Maier Benjamin Dominik, Petursson Borgthor, Lussana Alessandro, Petsalaki Evangelia
European Molecular Biology Laboratory, European Bioinformatics Institute (EMBL-EBI), Wellcome Genome Campus, Hinxton, Cambridgeshire, CB10 1SD, United Kingdom.
European Molecular Biology Laboratory, European Bioinformatics Institute (EMBL-EBI), Wellcome Genome Campus, Hinxton, Cambridgeshire, CB10 1SD, United Kingdom.
Mol Cell Proteomics. 2025 May 15:100994. doi: 10.1016/j.mcpro.2025.100994.
Phosphorylation forms an important part of the signalling system that cells use for decision making and regulation of processes such as cell division and differentiation. In human, >90% of identified phosphosites don't have annotations regarding the relevant upstream kinase. At the same time around 30% of kinases (as annotated in Uniprot) have no known target. This knowledge gap stresses the need to make large scale, data-driven computational predictions. In this study, we have created a machine learning-based model to derive a probabilistic kinase-substrate network from omics datasets. Our methodology displays improved performance compared to other state-of-the-art kinase-substrate prediction methods and provides predictions for more kinases. Importantly, it better captures new experimentally-identified kinase-substrate relationships. It can therefore allow the improved prioritisation of kinase-substrate pairs for illuminating the dark human cell signalling space.
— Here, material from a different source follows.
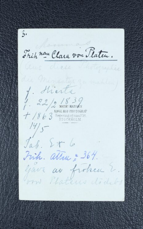 Platen, von, CLARA Virginia, född Hierta, nr 121. Född 1839-02-22. Död 1863-05-14.
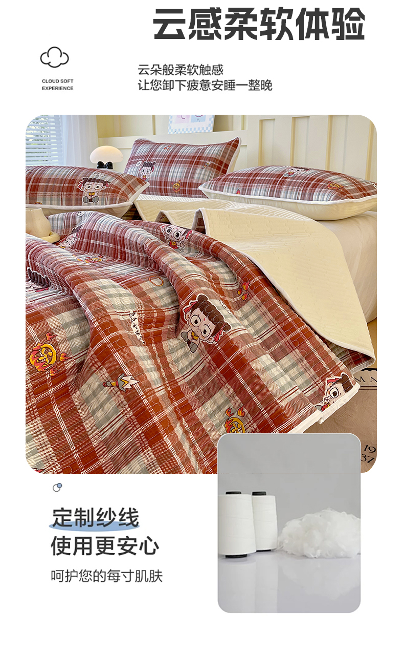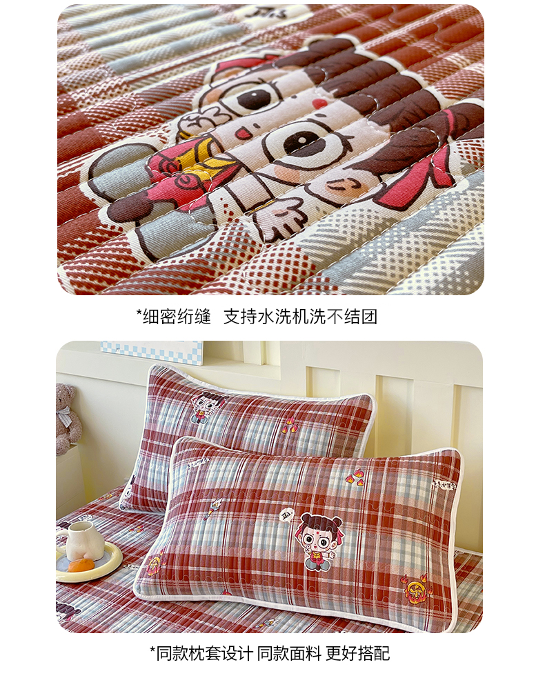 当前位置: 91家纺网 > 商品网购 > 床上用品 > 床盖 > 金鑫汇家纺2025新款A类全棉绗缝夹棉印花床盖 传奇哪吒·棕

Our model is integrated into a web server, SELPHI, to allow unbiased analysis of phosphoproteomics data, facilitating the design of downstream experiments to uncover mechanisms of signal transduction across conditions and cellular contexts.
磷酸化是细胞用于决策以及调控诸如细胞分裂和分化等过程的信号系统的重要组成部分。在人类中,超过90%已鉴定的磷酸化位点没有关于相关上游激酶的注释。与此同时,大约30%的激酶(如在Uniprot中注释的)没有已知的靶点。这种知识差距凸显了进行大规模、数据驱动的计算预测的必要性。在本研究中,我们创建了一个基于机器学习的模型,以从组学数据集中推导概率性激酶-底物网络。与其他最先进的激酶-底物预测方法相比,我们的方法表现出更好的性能,并且能为更多激酶提供预测。重要的是,它能更好地捕捉新的实验鉴定的激酶-底物关系。因此,它可以改进激酶-底物对的优先级排序,以阐明人类细胞信号转导的未知领域。我们的模型集成到了一个网络服务器SELPHI中,以允许对磷酸化蛋白质组学数据进行无偏分析,便于设计下游实验以揭示不同条件和细胞背景下的信号转导机制。